Research output: Contribution to journal › Article › Academic › peer-review
Purpose: We evaluated biodistribution and tumor targeting of Zr-89-lumretuzumab before and during treatment with lumretuzumab, a human epidermal growth factor receptor 3 (HER3)targeting monoclonal antibody.
Experimental Design: Twenty patients with histologically confirmed HER3-expressing tumors received Zr-89-lumretuzumab and underwent positron emission tomography (PET). In part A, (89)-Zr-lumretuzumab was given with additional, escalating doses of unlabeled lumretuzumab, and scans were performed 2, 4, and 7 days after injection to determine optimal imaging conditions. In part B, patients were scanned following tracer injection before (baseline) and after a pharmacodynamic (PD)-active lumretuzumab dose for saturation analysis. HER3 expression was determined immunohistochemically in skin biopsies. Tracer uptake was calculated as standardized uptake value (SUV).
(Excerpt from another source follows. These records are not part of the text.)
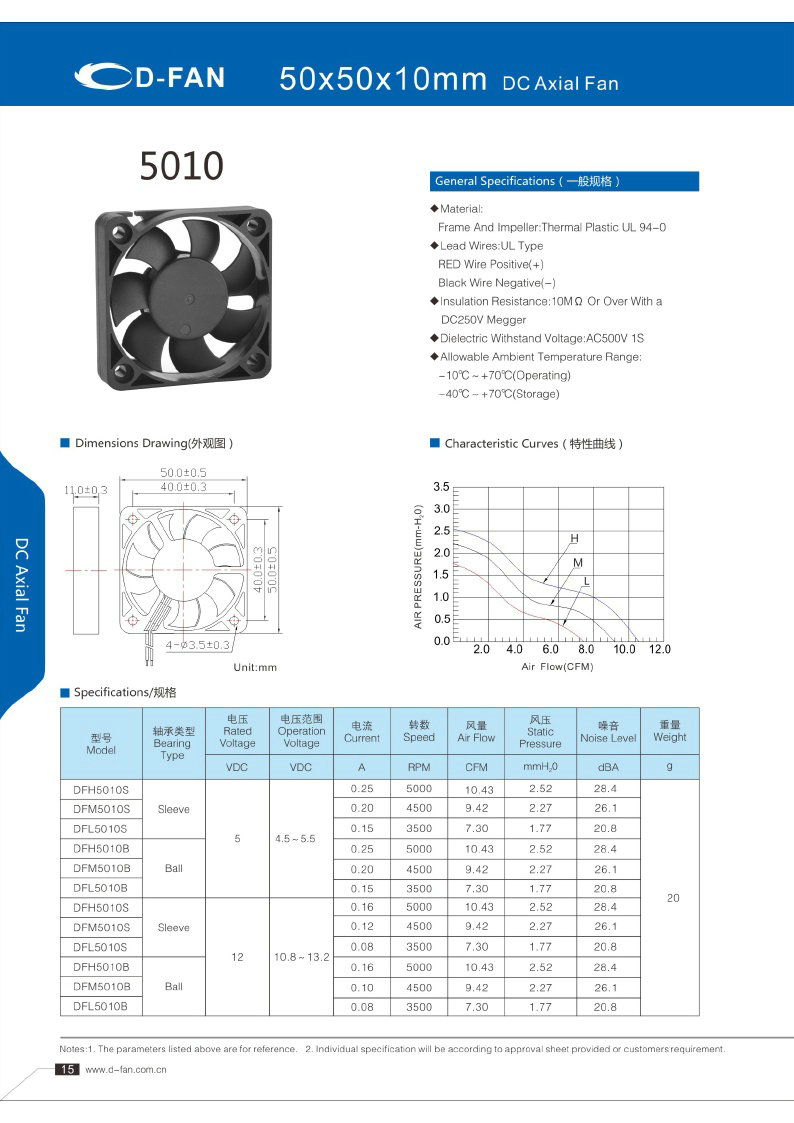 材料: 框架和葉輪:熱塑UL 94-0 引線.UL類型 紅色導線正極(+) 黑線負極(-) 絕緣電阻:10MΩ或以上,帶DC250V高阻表 介電耐壓:AC500V 1S 允許環境溫度範圍: -10℃-+70℃(運行) -40℃-+70℃(儲存)
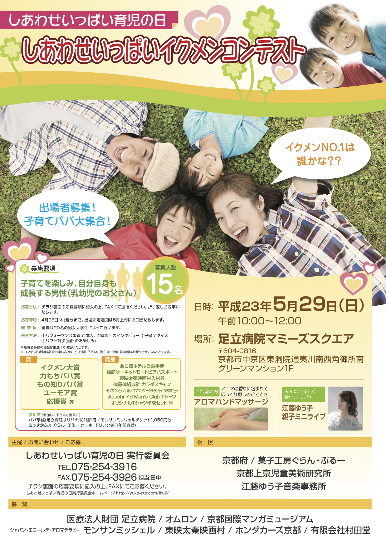 日時 : 2011年 5月29日(日) 午前10:00〜12:00 場所 : 足立病院マミーズスクエア 〒604-0816 京都市中京区東洞院通夷川南西角御所南グリーンマンション1F コンテストの詳細、結果発表などはこちら |
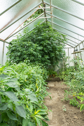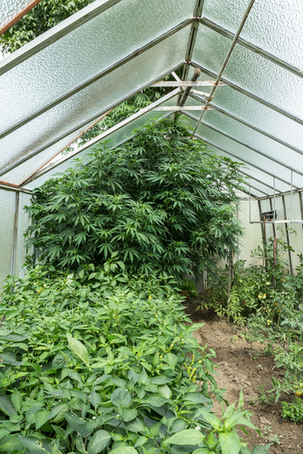 Nog een voorbeeld van een keurige kaskweek. Aan de buitenkant groeien de tomaten terwijl de wietplanten mooi verdekt opgesteld staan in het midden van de kas. Ook deze planten zullen nog wel flink groter geworden zijn!
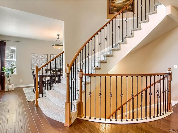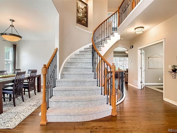 Welcome to this well-kept 5 bedroom, 4 bath Cardell home in Tallyn's Reach! Upon entry, you are immediately welcomed by a beautiful, curved staircase focal point which leads to the spacious upstairs, including the master bedroom retreat w/ built-in entertainment and storage center, a 5-piece en-suite bath & walk-in closet, plus 3 additional bedrooms & another full bathroom. This home has many exceptional details including sandalwood maple cabinets, stainless appliances, a spacious pantry, an island with a breakfast bar plus a convenient home work station. The family room TV & elegant enclosure are included. The dining area, main floor study with double french doors and laundry w/ included washer & dryer complete the main-floor living area. Venture downstairs to the finished basement with a spacious 5th bedroom, a 3/4 bath w/ double sinks and a large shower. Enjoy watching the big game or movie nights at home w/ the included Yamaha projector & screen in the media area. You won't even have to leave the basement for snacks with the built-in bar with beverage refrigerator and microwave! There is also plenty of extra room behind the media area for games, exercise equipment, a pool table, etc! Also enjoy the beautiful, private outdoor setting with mature & low maintenance professional landscaped fenced backyard. The lot offrs grassy areas, a patio as well as a beautiful terraced area that just feels like Colorado! This home has been beautifully maintained & is move-in ready with brand new upstairs carpet & two newer 50-gallon water heaters & more!
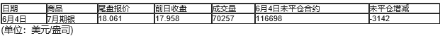 截至北京时间04:59,6月4日纽约商品交易所(COX)2020年7月期银成交量为70257,6月4日未平仓合约减少3142手。
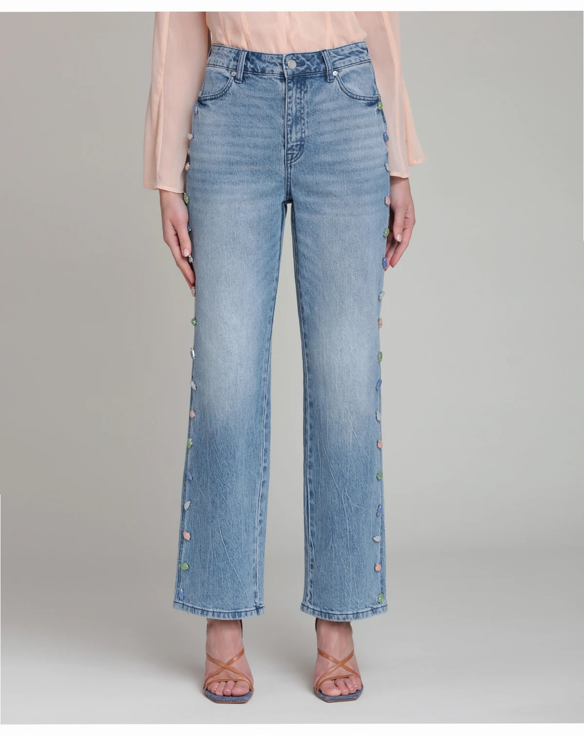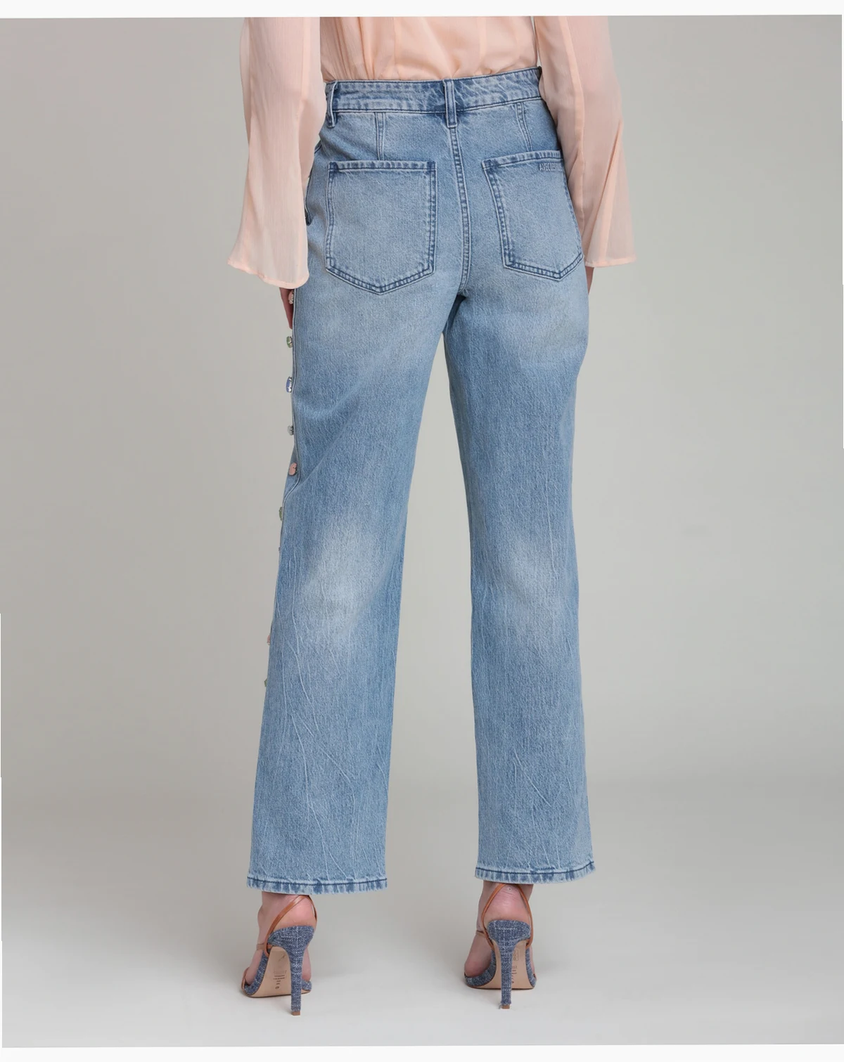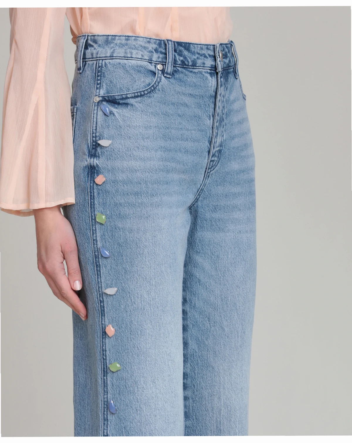 Decorative modernity shines with a front fly zipper and functional pockets on these Avec Les Filles pants with stone embellishments and a wide leg. The mid-rise delivers contemporary, decorated appeal.

Results: Optimal PET conditions were found to be 4 and 7 days after administration of Zr-89-lumretuzumab with 100-mg unlabeled lumretuzumab. At baseline using 100-mg unlabeled lumretuzumab, the tumor SUVmax was 3.4(+/- 1.9) at 4 days after injection. SUVmean values for normal blood, liver, lung, and brain tissues were 4.9, 6.4, 0.9 and 0.2, respectively. Saturation analysis (n = 7) showed that 4 days after lumretuzumab administration, tumor uptake decreased by 11.9% (+/- 8.2), 10.0% (+/- 16.5), and 24.6% (+/- 20.9) at PD-active doses of 400, 800, and 1,600 mg, respectively, when compared with baseline. Membranous HER3 was completely downregulated in paired skin biopsies already at and above 400-mg lumretuzumab.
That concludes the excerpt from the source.